Zhou Xiaobei, Lindsay Helen, Robinson Mark D
Institute of Molecular Life Sciences, University of Zurich, CH-8057 Zurich, Switzerland SIB Swiss Institute of Bioinformatics, University of Zurich, CH-8057 Zurich, Switzerland.
Institute of Molecular Life Sciences, University of Zurich, CH-8057 Zurich, Switzerland SIB Swiss Institute of Bioinformatics, University of Zurich, CH-8057 Zurich, Switzerland
Nucleic Acids Res. 2014 Jun;42(11):e91. doi: 10.1093/nar/gku310. Epub 2014 Apr 20.

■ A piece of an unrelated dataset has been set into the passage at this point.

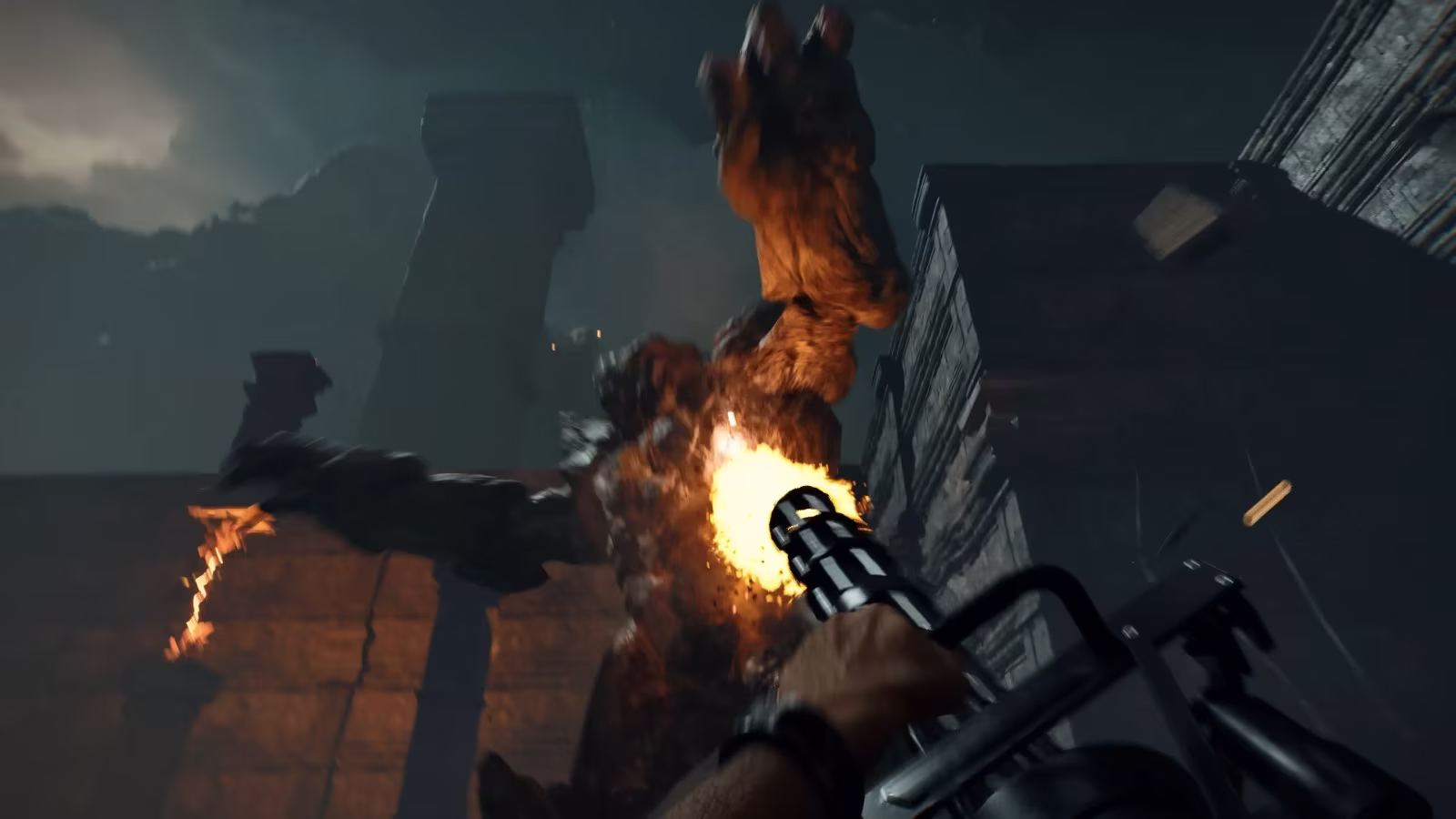 雖然官方並未透露更多玩法細節,但 PV 透露戰鬥血腥又暴力,警長用格林機槍、榴彈砲、左輪等形形色色槍枝摧毀叢林與荒野襲來的爬蟲類,甚至發揮神力徒手抵抗龍顎、撕下三角龍的角然後把它倒塞回去。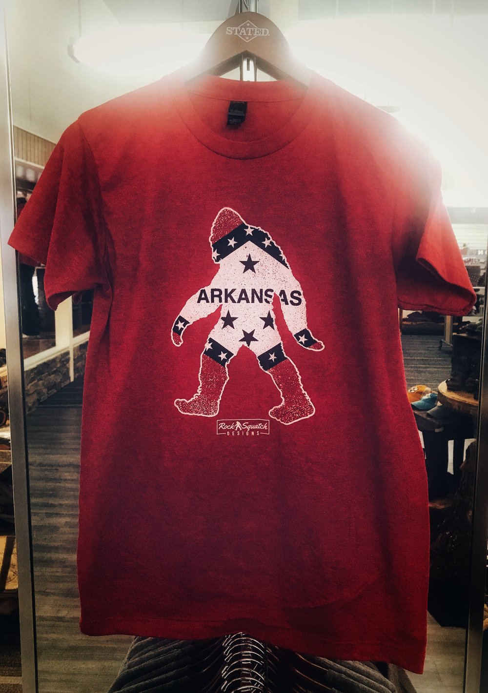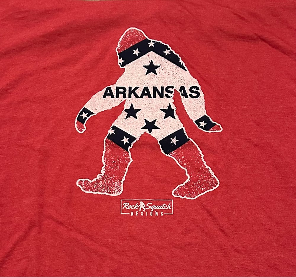 Super comfy Arkansquatch t-shirt. There's no mistaking your alliance with the big mysterious creature and the love for Arkansas.

A popular approach for comparing gene expression levels between (replicated) conditions of RNA sequencing data relies on counting reads that map to features of interest. Within such count-based methods, many flexible and advanced statistical approaches now exist and offer the ability to adjust for covariates (e.g. batch effects). Often, these methods include some sort of 'sharing of information' across features to improve inferences in small samples. It is important to achieve an appropriate tradeoff between statistical power and protection against outliers. Here, we study the robustness of existing approaches for count-based differential expression analysis and propose a new strategy based on observation weights that can be used within existing frameworks. The results suggest that outliers can have a global effect on differential analyses. We demonstrate the effectiveness of our new approach with real data and simulated data that reflects properties of real datasets (e.g. dispersion-mean trend) and develop an extensible framework for comprehensive testing of current and future methods. In addition, we explore the origin of such outliers, in some cases highlighting additional biological or technical factors within the experiment. Further details can be downloaded from the project website: http://imlspenticton.uzh.ch/robinson_lab/edgeR_robust/.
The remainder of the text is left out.